Iran, which denies the accusations, rejected the condemnation as the result of Saudi pressure.

“The heavy shadow of destructive Saudi policies is evident in … the final statement of the summit,” Iranian state media quoted Iran’s Foreign Ministry spokesman Bahram Qasemi as saying in Tehran.

“JERUSALEM SUMMIT”

Saudi Arabia, which takes over the rotating chair of the Arab summit from Jordan, announced that this gathering would be named the “Quds (Jerusalem) Summit”, a reference to U.S. President Donald Trump’s decision last year to recognize Jerusalem as the capital of Israel, which Arab states condemned.

Delegates pledged to support the Palestinians, who want East Jerusalem to be the capital of a future Palestinian state. King Salman said Saudi Arabia was donating $200 million to help them, including $50 million for the U.N. Relief and Works Agency (UNRWA).

Qatar did not send a senior official, a sign that its 10-month-old dispute with Saudi Arabia, the United Arab Emirates, Bahrain and Egypt is still a long way from being resolved.

The four countries severed diplomatic and transport ties with Qatar last June, accusing it of supporting terrorism. Doha denies the charges and says the boycott is an attempt to impinge on its sovereignty.

Its delegation was headed by its permanent representative to the Arab League, Saif bin Muqaddam al-Buainain, Qatar’s state news agency said.

Most of the 22 other countries sent heads of state or government. Qatari Emir Sheikh Tamim bin Hamad al-Thani headed Qatar’s delegation at last year’s summit in Jordan.

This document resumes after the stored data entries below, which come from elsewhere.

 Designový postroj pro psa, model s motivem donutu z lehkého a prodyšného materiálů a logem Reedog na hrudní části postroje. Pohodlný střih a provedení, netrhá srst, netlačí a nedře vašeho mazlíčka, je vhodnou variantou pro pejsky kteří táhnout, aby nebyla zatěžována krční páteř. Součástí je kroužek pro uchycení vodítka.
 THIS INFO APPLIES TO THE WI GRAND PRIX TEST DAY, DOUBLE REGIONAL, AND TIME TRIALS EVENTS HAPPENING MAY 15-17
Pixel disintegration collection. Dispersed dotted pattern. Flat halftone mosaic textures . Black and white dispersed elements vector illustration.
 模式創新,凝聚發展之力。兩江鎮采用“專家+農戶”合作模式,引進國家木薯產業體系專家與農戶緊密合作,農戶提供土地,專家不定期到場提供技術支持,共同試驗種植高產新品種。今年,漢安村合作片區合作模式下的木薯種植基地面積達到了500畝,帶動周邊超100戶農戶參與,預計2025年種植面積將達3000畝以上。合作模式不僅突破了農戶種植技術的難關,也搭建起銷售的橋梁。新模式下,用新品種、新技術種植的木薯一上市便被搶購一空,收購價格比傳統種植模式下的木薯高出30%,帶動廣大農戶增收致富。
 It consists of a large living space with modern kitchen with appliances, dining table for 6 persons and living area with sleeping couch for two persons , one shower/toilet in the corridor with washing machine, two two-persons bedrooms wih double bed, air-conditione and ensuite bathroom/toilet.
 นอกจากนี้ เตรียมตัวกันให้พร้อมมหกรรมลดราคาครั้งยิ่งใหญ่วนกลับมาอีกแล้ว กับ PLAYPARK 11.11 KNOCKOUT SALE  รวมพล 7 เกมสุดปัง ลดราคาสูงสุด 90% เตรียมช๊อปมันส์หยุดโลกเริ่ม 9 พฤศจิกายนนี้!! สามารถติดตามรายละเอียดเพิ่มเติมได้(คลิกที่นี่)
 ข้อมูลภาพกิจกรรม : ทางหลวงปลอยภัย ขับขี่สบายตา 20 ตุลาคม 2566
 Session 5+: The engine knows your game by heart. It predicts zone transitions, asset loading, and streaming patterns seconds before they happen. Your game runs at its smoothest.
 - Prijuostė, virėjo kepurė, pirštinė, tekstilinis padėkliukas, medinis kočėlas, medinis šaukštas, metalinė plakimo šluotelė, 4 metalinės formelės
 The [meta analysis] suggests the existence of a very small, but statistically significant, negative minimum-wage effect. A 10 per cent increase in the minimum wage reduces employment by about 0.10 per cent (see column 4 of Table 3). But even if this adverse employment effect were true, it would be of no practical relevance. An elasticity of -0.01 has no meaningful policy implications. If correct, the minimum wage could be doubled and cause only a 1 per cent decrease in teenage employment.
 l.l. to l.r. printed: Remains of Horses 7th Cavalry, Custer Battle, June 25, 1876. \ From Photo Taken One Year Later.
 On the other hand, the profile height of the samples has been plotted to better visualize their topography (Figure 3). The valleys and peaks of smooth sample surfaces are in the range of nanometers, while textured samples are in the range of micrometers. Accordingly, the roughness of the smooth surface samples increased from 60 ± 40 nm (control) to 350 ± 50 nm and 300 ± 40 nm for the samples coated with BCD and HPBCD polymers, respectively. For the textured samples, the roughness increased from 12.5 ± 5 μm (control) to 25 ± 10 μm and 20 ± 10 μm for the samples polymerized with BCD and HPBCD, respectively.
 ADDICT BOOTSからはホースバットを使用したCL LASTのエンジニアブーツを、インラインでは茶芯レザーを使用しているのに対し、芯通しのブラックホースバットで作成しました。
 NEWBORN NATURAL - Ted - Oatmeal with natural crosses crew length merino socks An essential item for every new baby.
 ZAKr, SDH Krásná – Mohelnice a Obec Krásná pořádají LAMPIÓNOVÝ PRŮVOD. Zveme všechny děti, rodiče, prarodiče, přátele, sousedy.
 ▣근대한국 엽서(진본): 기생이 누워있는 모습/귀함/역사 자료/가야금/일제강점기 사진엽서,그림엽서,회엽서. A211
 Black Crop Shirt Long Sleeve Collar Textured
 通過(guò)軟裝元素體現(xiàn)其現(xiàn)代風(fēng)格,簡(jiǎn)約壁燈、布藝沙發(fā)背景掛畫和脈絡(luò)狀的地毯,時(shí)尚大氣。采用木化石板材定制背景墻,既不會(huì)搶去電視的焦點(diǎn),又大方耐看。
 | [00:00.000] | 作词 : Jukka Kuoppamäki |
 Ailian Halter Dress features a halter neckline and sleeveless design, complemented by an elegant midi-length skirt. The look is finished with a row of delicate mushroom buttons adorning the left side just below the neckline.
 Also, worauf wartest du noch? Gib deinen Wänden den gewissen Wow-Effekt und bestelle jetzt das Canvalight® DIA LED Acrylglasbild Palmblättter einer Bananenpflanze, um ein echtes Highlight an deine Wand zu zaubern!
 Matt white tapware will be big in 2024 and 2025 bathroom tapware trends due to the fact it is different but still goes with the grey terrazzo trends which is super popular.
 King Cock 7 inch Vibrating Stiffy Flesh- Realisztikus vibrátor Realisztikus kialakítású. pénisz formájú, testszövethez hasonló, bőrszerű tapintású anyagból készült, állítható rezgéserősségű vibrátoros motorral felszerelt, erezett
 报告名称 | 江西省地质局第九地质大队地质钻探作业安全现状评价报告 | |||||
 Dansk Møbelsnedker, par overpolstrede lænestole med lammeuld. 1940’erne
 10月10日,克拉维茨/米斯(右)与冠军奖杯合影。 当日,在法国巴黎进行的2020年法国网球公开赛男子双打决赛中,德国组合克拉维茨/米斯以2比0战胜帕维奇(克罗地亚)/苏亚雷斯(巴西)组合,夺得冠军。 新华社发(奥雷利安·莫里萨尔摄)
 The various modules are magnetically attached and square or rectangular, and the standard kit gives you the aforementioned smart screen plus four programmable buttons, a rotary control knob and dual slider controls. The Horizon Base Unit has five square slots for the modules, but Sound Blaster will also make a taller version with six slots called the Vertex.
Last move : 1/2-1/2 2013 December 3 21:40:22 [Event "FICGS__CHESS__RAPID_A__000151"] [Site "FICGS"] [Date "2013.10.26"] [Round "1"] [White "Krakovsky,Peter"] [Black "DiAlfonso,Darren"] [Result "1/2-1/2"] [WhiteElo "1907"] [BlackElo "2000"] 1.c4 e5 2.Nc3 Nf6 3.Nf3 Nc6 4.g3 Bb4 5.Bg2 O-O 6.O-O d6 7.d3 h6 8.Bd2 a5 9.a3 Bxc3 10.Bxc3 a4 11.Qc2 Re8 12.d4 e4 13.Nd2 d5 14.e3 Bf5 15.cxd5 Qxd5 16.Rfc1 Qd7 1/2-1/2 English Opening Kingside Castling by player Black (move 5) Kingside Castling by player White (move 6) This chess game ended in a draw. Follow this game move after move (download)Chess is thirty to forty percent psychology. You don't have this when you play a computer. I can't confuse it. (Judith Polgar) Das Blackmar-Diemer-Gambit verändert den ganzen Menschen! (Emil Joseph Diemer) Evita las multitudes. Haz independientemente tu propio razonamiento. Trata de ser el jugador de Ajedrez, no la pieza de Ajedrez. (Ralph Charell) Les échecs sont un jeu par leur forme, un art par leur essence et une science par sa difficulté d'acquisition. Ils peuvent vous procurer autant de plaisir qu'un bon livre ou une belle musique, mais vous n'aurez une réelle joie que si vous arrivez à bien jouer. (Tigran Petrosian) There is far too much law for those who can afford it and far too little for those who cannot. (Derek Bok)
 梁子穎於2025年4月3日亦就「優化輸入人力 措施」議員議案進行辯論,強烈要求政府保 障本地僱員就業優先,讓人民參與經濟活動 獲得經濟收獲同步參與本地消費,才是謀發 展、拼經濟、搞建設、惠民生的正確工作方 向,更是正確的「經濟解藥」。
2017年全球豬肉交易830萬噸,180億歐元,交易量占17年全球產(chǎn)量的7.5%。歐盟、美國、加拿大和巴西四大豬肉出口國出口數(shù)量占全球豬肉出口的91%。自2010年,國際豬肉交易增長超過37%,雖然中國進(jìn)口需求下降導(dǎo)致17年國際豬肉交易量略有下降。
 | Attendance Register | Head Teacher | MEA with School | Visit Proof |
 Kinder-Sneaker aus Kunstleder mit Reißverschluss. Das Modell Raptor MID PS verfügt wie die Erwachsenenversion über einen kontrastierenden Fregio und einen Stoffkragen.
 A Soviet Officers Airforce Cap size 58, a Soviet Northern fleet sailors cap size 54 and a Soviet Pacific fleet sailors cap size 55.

Sheikh Tamim returned to Doha on Saturday from a U.S. trip where he met Trump. Trump publicly sided with the Saudis and Emiratis early in the crisis but is now pushing for a resolution to restore Gulf Arab unity and maintain a united front against Iran.

Asked why Qatar was not on the summit’s agenda, the Saudi foreign minister said: “Because Qatar is not on the agenda. It’s not a big issue. It’s not a big problem. It’s a very, very small problem.”

He said the issue would be resolved if Doha met the boycotting countries’ demands, which include closing the Al Jazeera television station and reducing ties with Iran.

Tunisia will host the next Arab League summit in 2019.